Skip to content

NumPy Arrays

Overview

NumPy (Numerical Python) is the foundational library for numerical computing in Python. At its core is the ndarray—a fast, memory-efficient, multidimensional array that supports vectorized arithmetic and broadcasting.

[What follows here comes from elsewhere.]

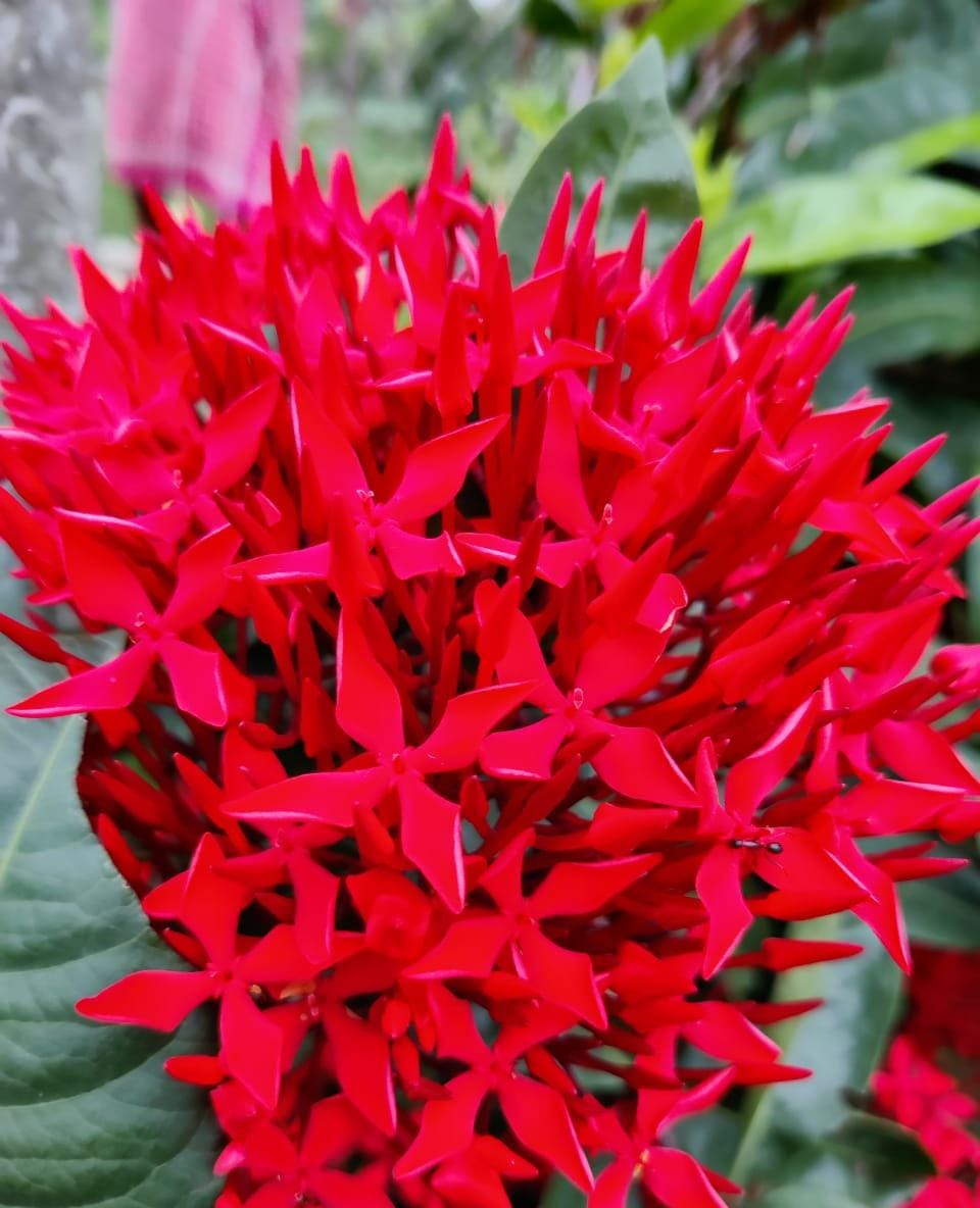 রঙ্গন ঘন চিরসবুজ গুল্ম জাতীয় উদ্ভিদ যা তিন থেকে ছয় মিটার পর্যন্ত উঁচু হয়। রঙ্গনের মঞ্জুরিপত্র বিশিষ্ট গাঢ় লালবর্ণের পুষ্প-মঞ্জুরিতে থাকে অসংখ্য পুষ্পের সমাবেশ। পাতার বিন্যাস ঘন। পাতা সরল ও প্রতিমুখ বা আবর্ত, কিনারা অখ, উপপত্র দুটি বৃত্তের মাঝে অবস্থিত। ফুল নলাকৃতি, তারার মতো চারটি পাপড়ির বিন্যাস।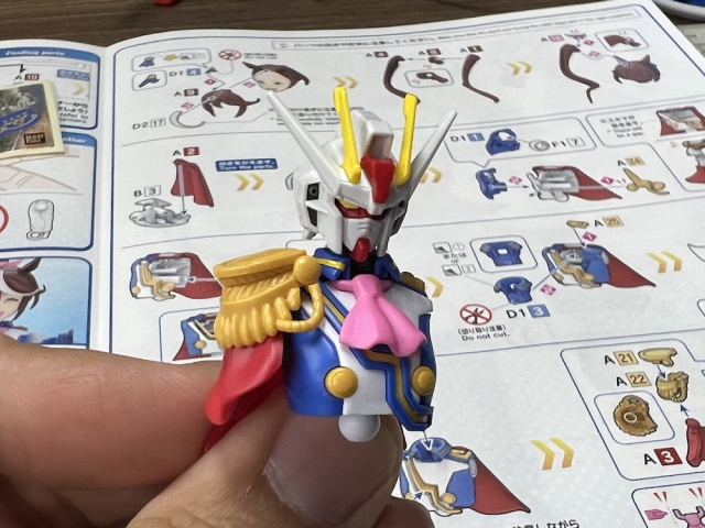 日本一名推主Kenji(@mark00ac)在組裝FRS帝王時發現,帝王的決勝服配色與鋼彈主角機的基本配色幾乎一樣,都為藍、白、紅、黃,於是他有了個大膽的想法…將「EG 攻擊鋼彈」的頭裝在帝王的身體上。

Nearly every scientific Python library (Pandas, SciPy, Scikit-Learn, Matplotlib) is built on top of NumPy arrays.

import numpy as np

Creating Arrays

From Python Lists

# 1-D array
a = np.array([1, 2, 3, 4, 5])
print(a)          # [1 2 3 4 5]
print(a.shape)    # (5,)
print(a.dtype)    # int64

# 2-D array (matrix)
M = np.array([[1, 2, 3],
              [4, 5, 6]])
print(M.shape)    # (2, 3)

With Built-in Constructors

np.zeros((3, 4))          # 3×4 matrix of zeros
np.ones((2, 2))           # 2×2 matrix of ones
np.full((3, 3), 7)        # 3×3 matrix filled with 7
np.eye(4)                 # 4×4 identity matrix
np.arange(0, 10, 2)       # array([0, 2, 4, 6, 8])
np.linspace(0, 1, 5)      # array([0.  , 0.25, 0.5 , 0.75, 1.  ])

Random Arrays

rng = np.random.default_rng(42)          # reproducible generator

rng.standard_normal((3, 3))              # 3×3 standard normal draws
rng.uniform(0, 1, size=(2, 5))           # 2×5 Uniform(0,1) draws
rng.integers(0, 10, size=6)              # 6 random ints in [0, 10)

Array Attributes

Attribute Description Example
a.shape Dimensions (2, 3)
a.ndim Number of dimensions 2
a.size Total number of elements 6
a.dtype Element data type float64
a.nbytes Memory consumption in bytes 48

Indexing and Slicing

One-Dimensional

a = np.array([10, 20, 30, 40, 50])

a[0]        # 10        — first element
a[-1]       # 50        — last element
a[1:4]      # [20 30 40] — slice (start inclusive, stop exclusive)
a[::2]      # [10 30 50] — every other element

Two-Dimensional

M = np.array([[1, 2, 3],
              [4, 5, 6],
              [7, 8, 9]])

M[0, 1]       # 2          — row 0, col 1
M[1, :]       # [4 5 6]    — entire row 1
M[:, 2]       # [3 6 9]    — entire col 2
M[:2, :2]     # [[1 2]     — upper-left 2×2 sub-matrix
              #  [4 5]]

Boolean (Fancy) Indexing

a = np.array([3, 1, 4, 1, 5, 9])

mask = a > 3
print(mask)       # [False False  True False  True  True]
print(a[mask])    # [4 5 9]

Vectorized Operations

NumPy performs element-wise arithmetic without explicit loops, which is both faster and more readable than pure Python.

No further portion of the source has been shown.